Core inflation to subside

Glapiński told reporters on Thursday that "Poland’s inflation rate is falling very fast.”

He said: “Core inflation … remains high in many countries, including the eurozone countries and the United States, and especially the countries of our region. There is nothing extraordinary about Poland’s core inflation.”

Glapiński added: “In most countries in Central and Eastern Europe, inflation stands at around 12 percent, and so is at a similar level as in Poland. The situation in our country is not miraculously better than in other countries, but it is not bad, either.”

The central bank chief said that core inflation remained high “due to the strength of the shocks that hit the economy,” notably the COVID-19 pandemic and the war in Ukraine.

He added that businesses “increased the prices of their products to reflect the rising prices of raw materials and energy and this trend spread further.”

Moreover, “the good state of the labour market is also facilitating price increases,” Glapiński said.
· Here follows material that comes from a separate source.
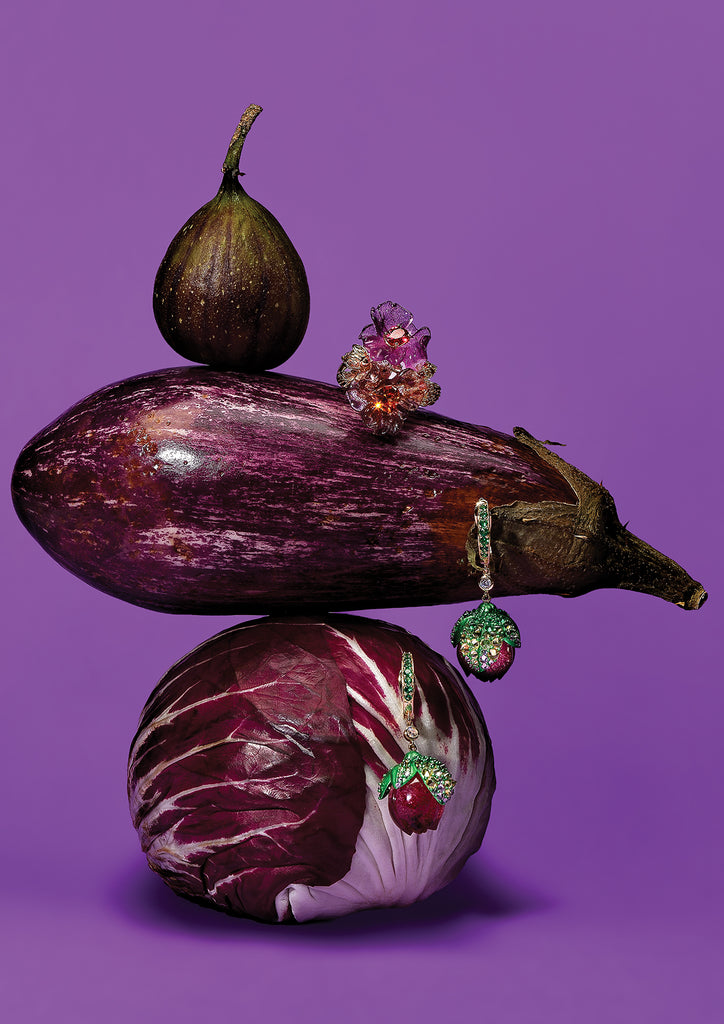 London-based Anabela Chan’s background in architecture and luxury fashion led to the first fine jewelry line to champion laboratory-grown gemstones. Today, its artisanal craftsmanship and sustainable innovations have found a place in the collections of royals, Rihanna, Taylor Swift, and sophisticated women worldwide. The Beetroot Lotus Earrings embody Chan’s “From Waste to Wonder” ethos—uniting traditional craftsmanship with bio-innovation. Handcrafted in 18K yellow gold vermeil with 14K gold posts, these earrings feature hand-carved Beetroot Fruit Gems™ derived from natural pigments and are intricately set with laboratory-grown emeralds, canary and pink diamonds, and simulated white diamonds.

According to the Polish central bank chief, “it's only natural that core inflation takes longer to fall than consumer inflation.” 

Glapiński stated: “We expect core inflation to fall in the coming months and quarters.”

Economy growing 'at a faster rate than elsewhere' 

Glapiński also said that ”Poland’s economic situation is very good compared to all the other countries.”

He added that Polish GDP had been growing "at a faster rate than elsewhere, especially in the eurozone,” in recent years.

The central bank chief told reporters that “economic growth is slowing down in all countries,” but said he hoped that “there won’t be a recession, that growth will decelerate only slightly and then rebound.”

In March, Poland’s central bank said it expected the country’s economy to expand 0.9 percent in 2023, followed by 2.1 percent growth in 2024 and 3.1 percent in 2025.

Salaries to rise 

Glapiński also stated on Thursday that “according to all available data," salaries in Poland "will begin to rise again" in real terms in the coming months, after “falling last year, although they fell less than in other European Union countries.”